* **What the task requires**: Without copying any picture, transcribe exactly the lines of the data below from the one containing "炊き上がりました!レモンとサバのおいしそうな香りが広がります。" through the one containing "Mini-bordtennisspil med 2".

--- Data supplied ---

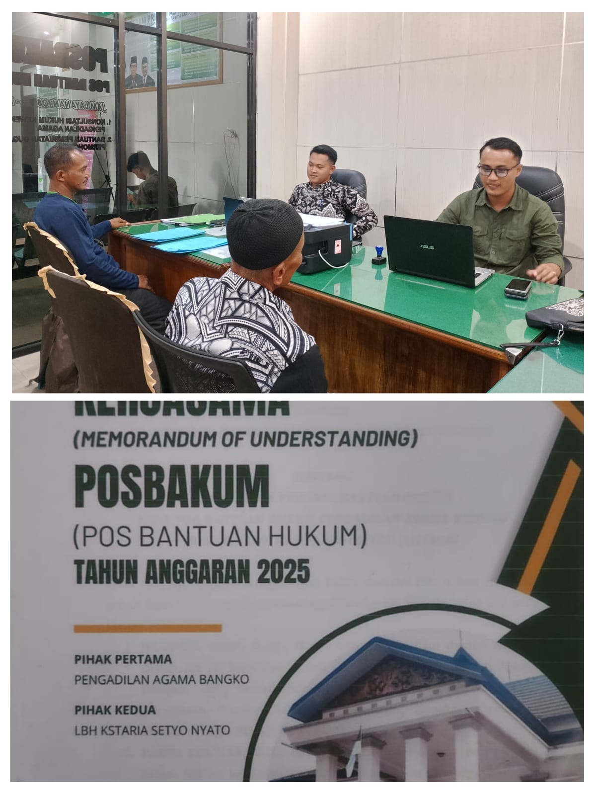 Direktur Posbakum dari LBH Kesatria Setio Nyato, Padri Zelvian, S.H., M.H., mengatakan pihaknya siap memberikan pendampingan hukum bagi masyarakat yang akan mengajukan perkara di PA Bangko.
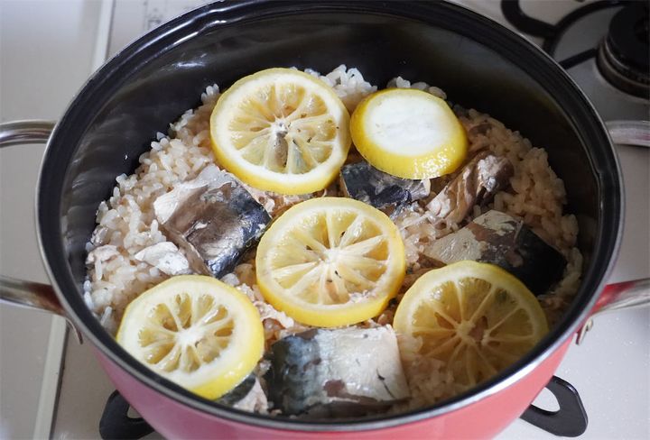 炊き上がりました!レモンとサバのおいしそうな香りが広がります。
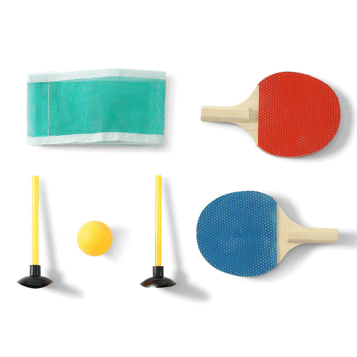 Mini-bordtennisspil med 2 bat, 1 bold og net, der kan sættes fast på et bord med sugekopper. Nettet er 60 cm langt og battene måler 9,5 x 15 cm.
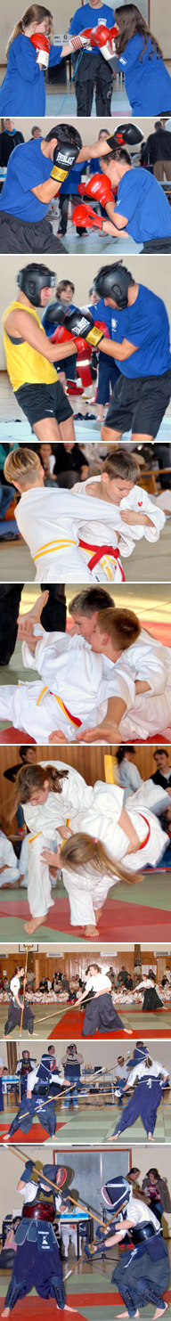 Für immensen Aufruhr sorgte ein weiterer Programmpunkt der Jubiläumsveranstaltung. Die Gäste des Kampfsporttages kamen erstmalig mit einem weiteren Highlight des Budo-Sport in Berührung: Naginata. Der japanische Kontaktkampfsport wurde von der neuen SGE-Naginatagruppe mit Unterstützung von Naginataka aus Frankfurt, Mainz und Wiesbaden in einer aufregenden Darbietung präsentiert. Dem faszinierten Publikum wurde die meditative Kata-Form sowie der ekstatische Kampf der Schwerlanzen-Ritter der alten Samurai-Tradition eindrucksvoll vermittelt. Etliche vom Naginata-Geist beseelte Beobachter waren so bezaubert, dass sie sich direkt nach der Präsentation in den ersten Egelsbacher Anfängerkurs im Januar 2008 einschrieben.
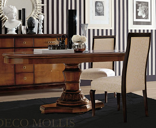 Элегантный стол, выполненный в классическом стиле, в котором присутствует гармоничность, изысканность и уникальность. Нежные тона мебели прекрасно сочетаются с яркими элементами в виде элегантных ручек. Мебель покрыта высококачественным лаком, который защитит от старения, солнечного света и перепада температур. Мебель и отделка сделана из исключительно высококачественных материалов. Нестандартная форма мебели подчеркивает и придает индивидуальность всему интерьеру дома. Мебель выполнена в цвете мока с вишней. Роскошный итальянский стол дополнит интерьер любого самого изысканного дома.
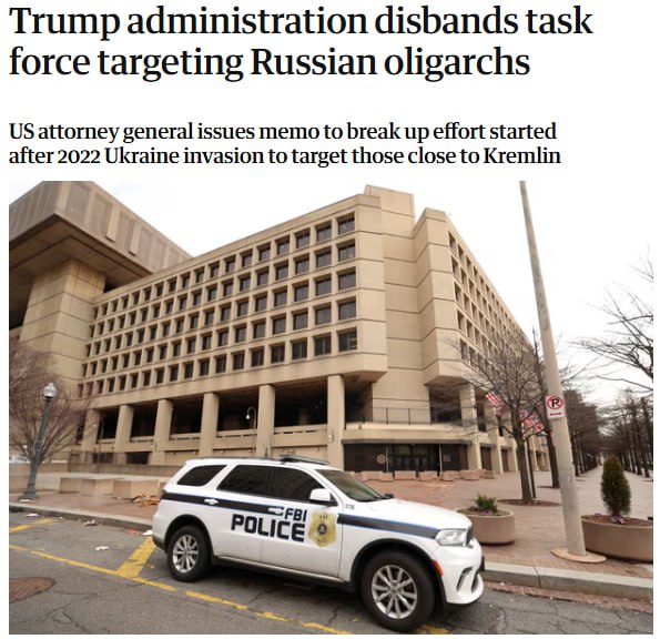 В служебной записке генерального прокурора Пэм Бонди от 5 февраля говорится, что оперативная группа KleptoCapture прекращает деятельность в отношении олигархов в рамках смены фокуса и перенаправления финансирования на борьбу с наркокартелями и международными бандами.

---
--- Data supplied ---

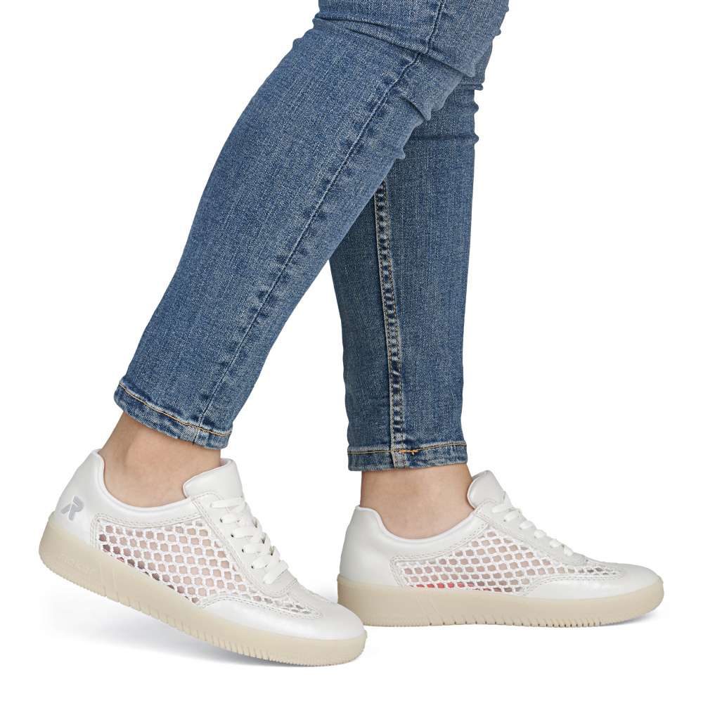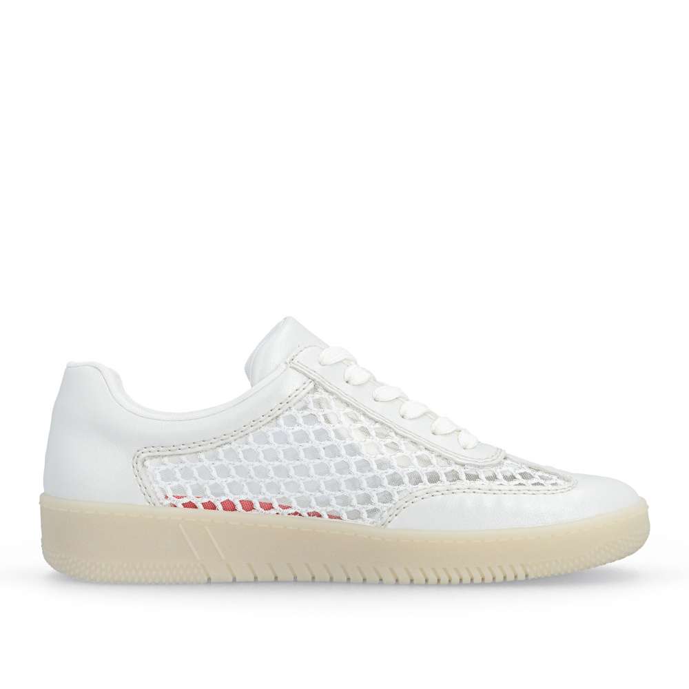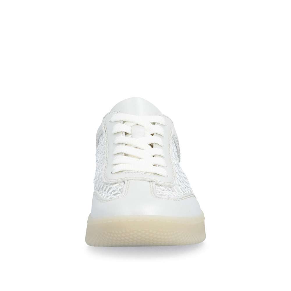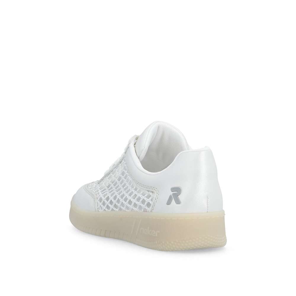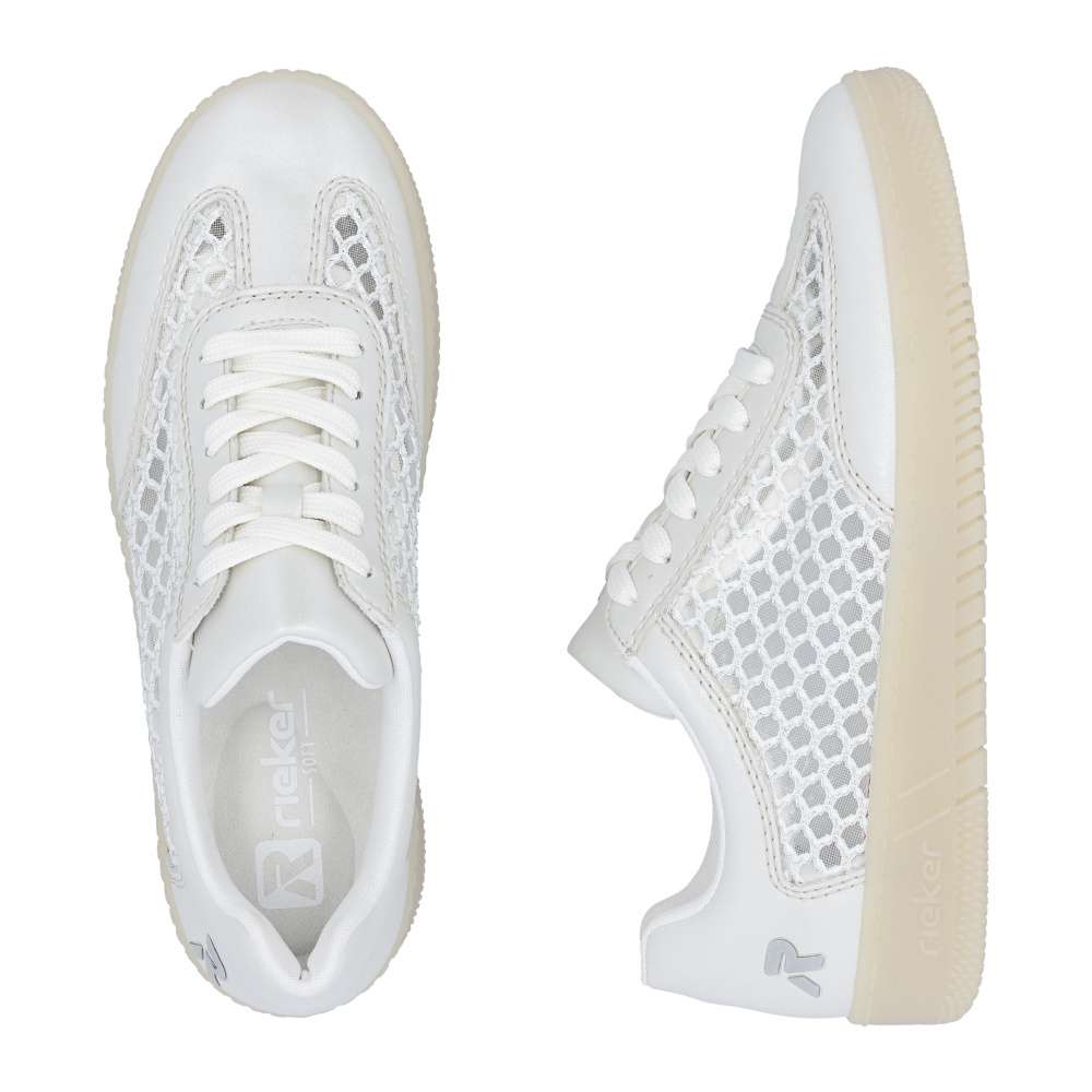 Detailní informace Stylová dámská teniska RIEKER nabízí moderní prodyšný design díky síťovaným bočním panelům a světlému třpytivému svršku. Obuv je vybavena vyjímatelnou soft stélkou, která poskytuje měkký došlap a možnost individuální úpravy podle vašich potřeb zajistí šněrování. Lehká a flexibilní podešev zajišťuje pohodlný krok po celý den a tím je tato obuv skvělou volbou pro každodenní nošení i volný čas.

---
--- Data supplied ---

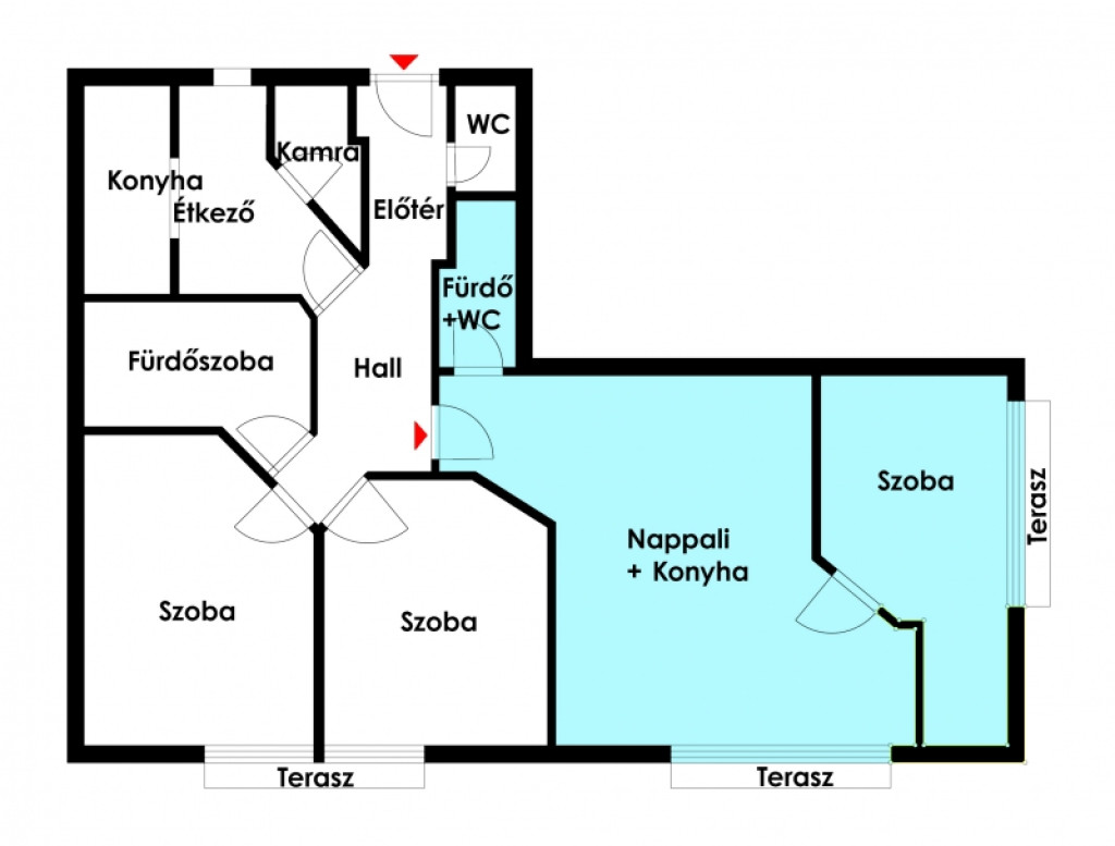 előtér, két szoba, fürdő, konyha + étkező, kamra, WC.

---

* **Solution for this exercise**:
 炊き上がりました!レモンとサバのおいしそうな香りが広がります。
 Mini-bordtennisspil med 2 bat, 1 bold og net, der kan sættes fast på et bord med sugekopper. Nettet er 60 cm langt og battene måler 9,5 x 15 cm.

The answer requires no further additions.